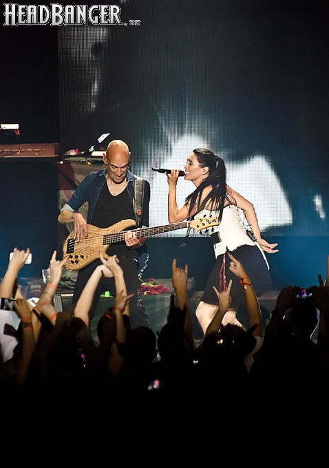 На протяжении всего вечера прекрасную фронтледи буквально осыпали цветами и подарками. После каждой композиции Шарон собирала из первых рядов не меньше 5-6 букетов, портретов и мягких игрушек. Такое внимание не могло не тронуть вокалистку, и каждый презент был отмечен ее искренним умилением. Апогеем стала огромная охапка ярко-красных роз, который солидного вида поклонник передал на сцену из вип-партера. Путь букета по рукам людей, стоящих в фан-зоне, занял целую песню “The Heart of Everything”, и завершился в руках Шарон как раз к ее окончанию. Изумленная певица с трудом смогла удержать цветы - их стебли были одного с ней роста. Думаю, лепестками с этого и других букетов вокалистка могла наполнять ванну до самого конца российского тура. Вот уж точно “Covered By Roses”.
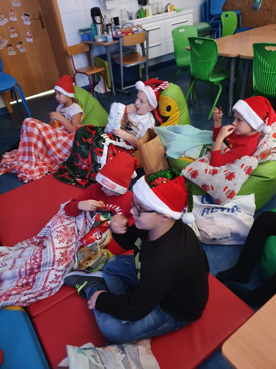 przekąski, jak w prawdziwym kinie. Atmosfera była mikołajkowa. Wszystkim bardzo podobał się pomysł z kinem. Zobaczcie sami…
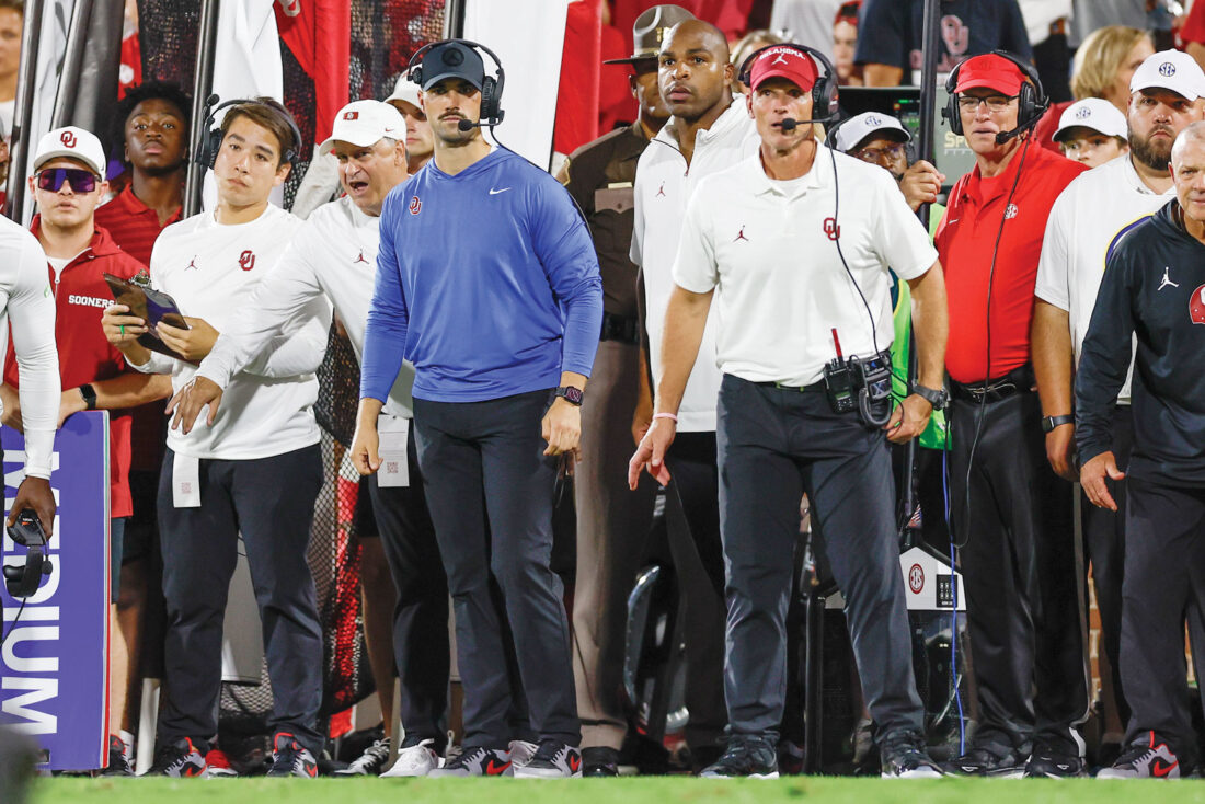 Oklahoma co-defensive coordinator Zac Alley, left, and head coach Brent Venables, right, watch their team play against Tennessee during the first half of an NCAA football game in Norman, Okla. (AP Photo)
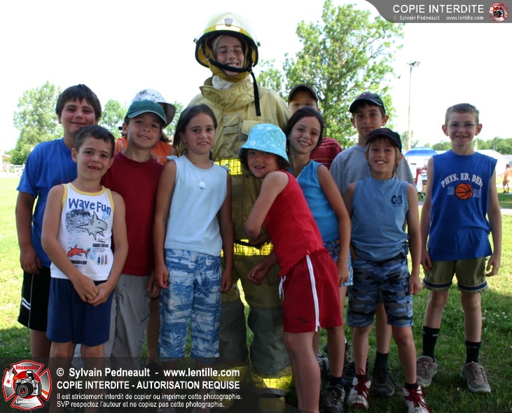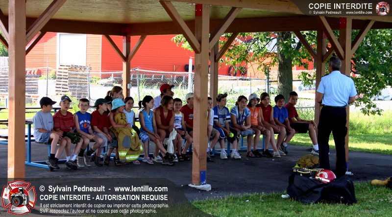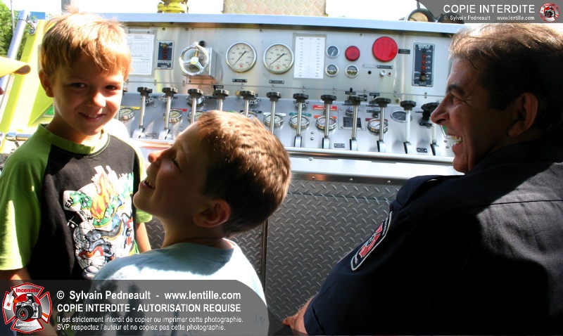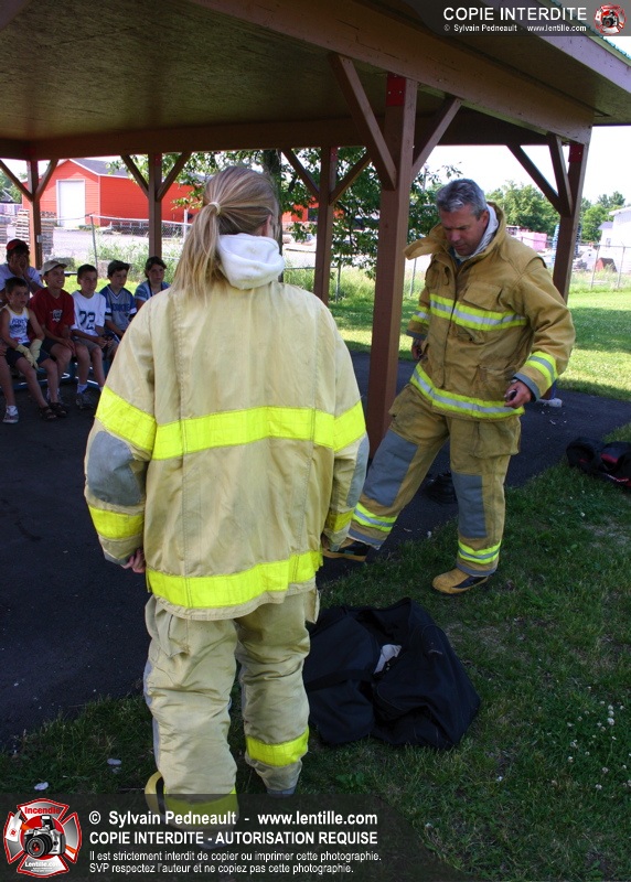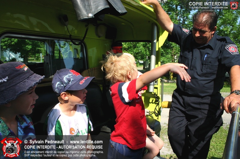 Par la suite, les enfants ont pu participer à deux ateliers: la visite de l'auto-pompe et la démonstration de l'uniforme de combat incendie.
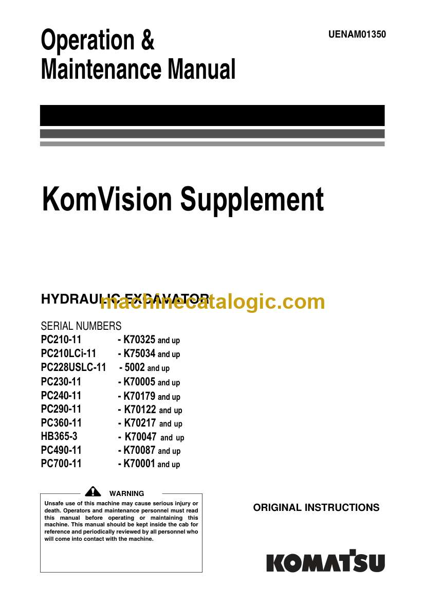 Komatsu KomVision Supplement Hydraulic Excavator Operation and Maintenance Manual (UENAM01350)
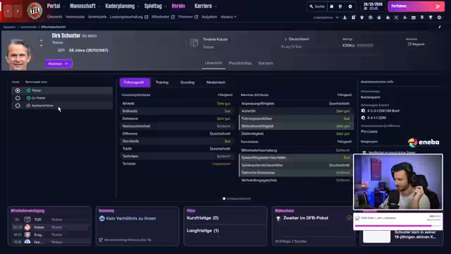 00:25:53Der Streamer kündigt eine wichtige Personalveränderung an und verpflichtet den norwegischen Innenverteidiger Carsten Ekornes für vier Millionen Euro. Obwohl er nur eine Bewertung von 86 hat, wird er aufgrund seiner jungen von 20 Jahren und guten Werten, insbesondere einer Sprunghöhe von 16, als spannende Investition gesehen. Es wird erwähnt, dass er zum Topverdiener des Vereins avancieren wird. Der Transfer stellt auch einen Vorgriff auf die Zukunft dar, da der Streamer Bedenken bezüglich möglicher Abgänge von Spielern wie Tobias Goodall und Abu Bakar hat. Infolgedessen werden Optionen wie eine Umstellung auf eine Dreierkette oder der Verbleib der Talente als strategische Überlegungen für die Zukunft diskutiert.
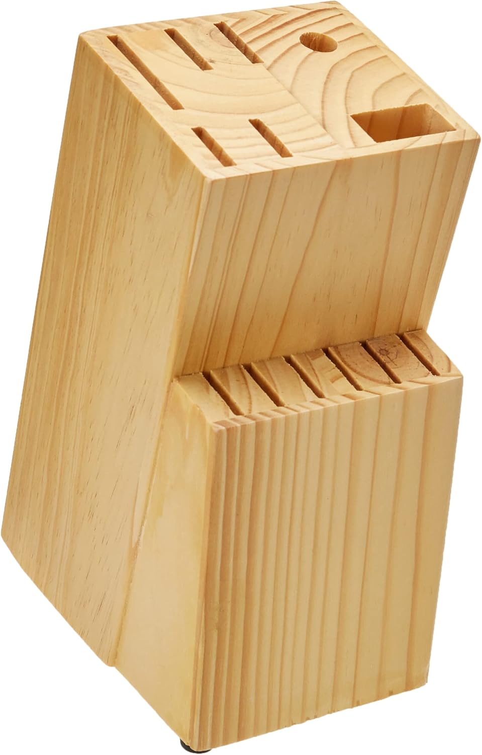 Amazon Basics 14-Piece High-Carbon Stainless Steel Kitchen Knife Set with Sharpener and Pine Wood Block, Black
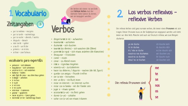 Die reflexiv Verben sind ganz normale verben, die immer einen Pronomen mit sich tragen. Dieser Pronome muss an die Subjektperson angepasst werden und steht immer vor dem Verb. Manche sind auch auf Deutsch reflexiv, wie zum Beispiel ducharse:
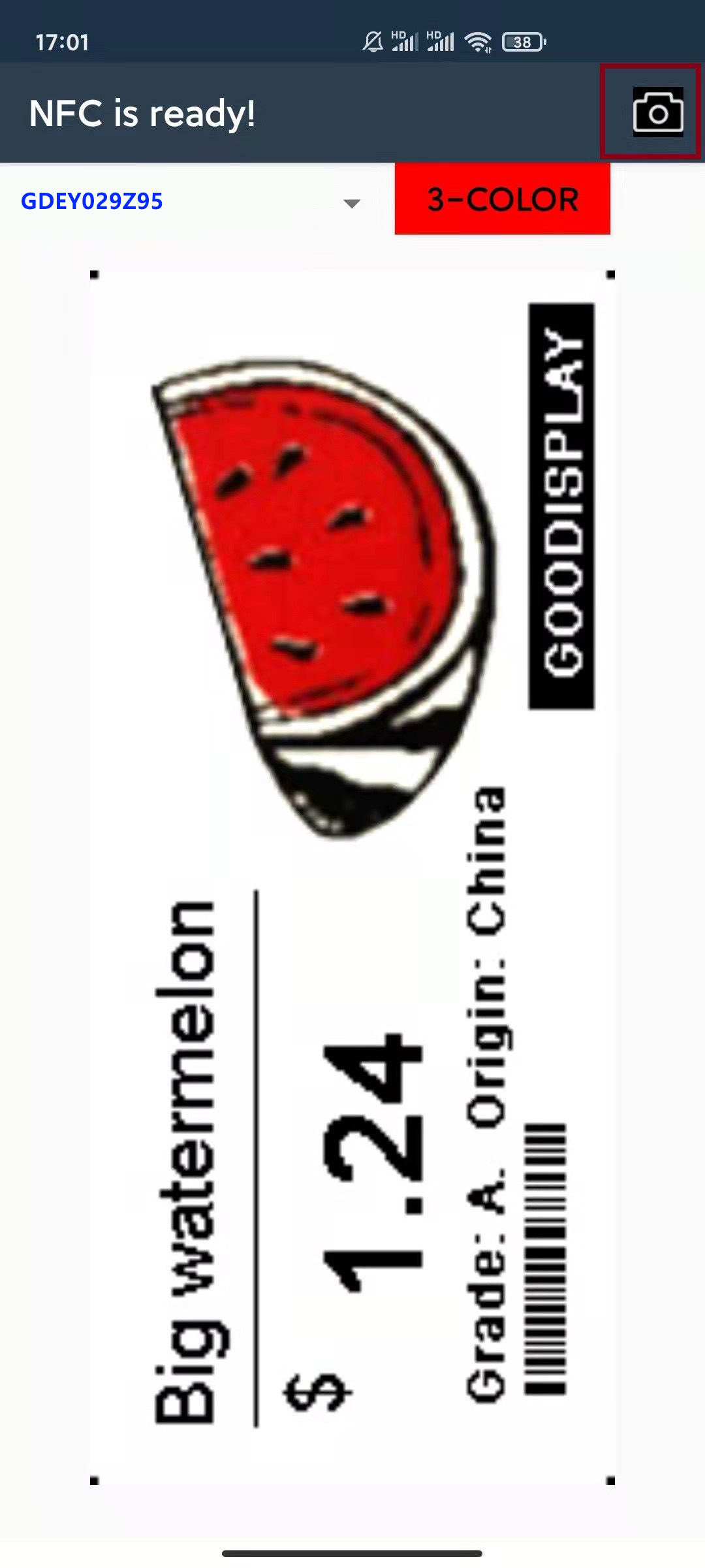 2.9寸 黑白色NFC无源电子货架标签/无电池/无线传输电子标签 GDN029BW
⁂
* [Exercise prompt] Copy out every line above, word for word, minus images.

* [Problem solution]
 На протяжении всего вечера прекрасную фронтледи буквально осыпали цветами и подарками. После каждой композиции Шарон собирала из первых рядов не меньше 5-6 букетов, портретов и мягких игрушек. Такое внимание не могло не тронуть вокалистку, и каждый презент был отмечен ее искренним умилением. Апогеем стала огромная охапка ярко-красных роз, который солидного вида поклонник передал на сцену из вип-партера. Путь букета по рукам людей, стоящих в фан-зоне, занял целую песню “The Heart of Everything”, и завершился в руках Шарон как раз к ее окончанию. Изумленная певица с трудом смогла удержать цветы - их стебли были одного с ней роста. Думаю, лепестками с этого и других букетов вокалистка могла наполнять ванну до самого конца российского тура. Вот уж точно “Covered By Roses”.
 przekąski, jak w prawdziwym kinie. Atmosfera była mikołajkowa. Wszystkim bardzo podobał się pomysł z kinem. Zobaczcie sami…
 Oklahoma co-defensive coordinator Zac Alley, left, and head coach Brent Venables, right, watch their team play against Tennessee during the first half of an NCAA football game in Norman, Okla. (AP Photo)
 Par la suite, les enfants ont pu participer à deux ateliers: la visite de l'auto-pompe et la démonstration de l'uniforme de combat incendie.
 Komatsu KomVision Supplement Hydraulic Excavator Operation and Maintenance Manual (UENAM01350)
 00:25:53Der Streamer kündigt eine wichtige Personalveränderung an und verpflichtet den norwegischen Innenverteidiger Carsten Ekornes für vier Millionen Euro. Obwohl er nur eine Bewertung von 86 hat, wird er aufgrund seiner jungen von 20 Jahren und guten Werten, insbesondere einer Sprunghöhe von 16, als spannende Investition gesehen. Es wird erwähnt, dass er zum Topverdiener des Vereins avancieren wird. Der Transfer stellt auch einen Vorgriff auf die Zukunft dar, da der Streamer Bedenken bezüglich möglicher Abgänge von Spielern wie Tobias Goodall und Abu Bakar hat. Infolgedessen werden Optionen wie eine Umstellung auf eine Dreierkette oder der Verbleib der Talente als strategische Überlegungen für die Zukunft diskutiert.
 Amazon Basics 14-Piece High-Carbon Stainless Steel Kitchen Knife Set with Sharpener and Pine Wood Block, Black
 Die reflexiv Verben sind ganz normale verben, die immer einen Pronomen mit sich tragen. Dieser Pronome muss an die Subjektperson angepasst werden und steht immer vor dem Verb. Manche sind auch auf Deutsch reflexiv, wie zum Beispiel ducharse:
 2.9寸 黑白色NFC无源电子货架标签/无电池/无线传输电子标签 GDN029BW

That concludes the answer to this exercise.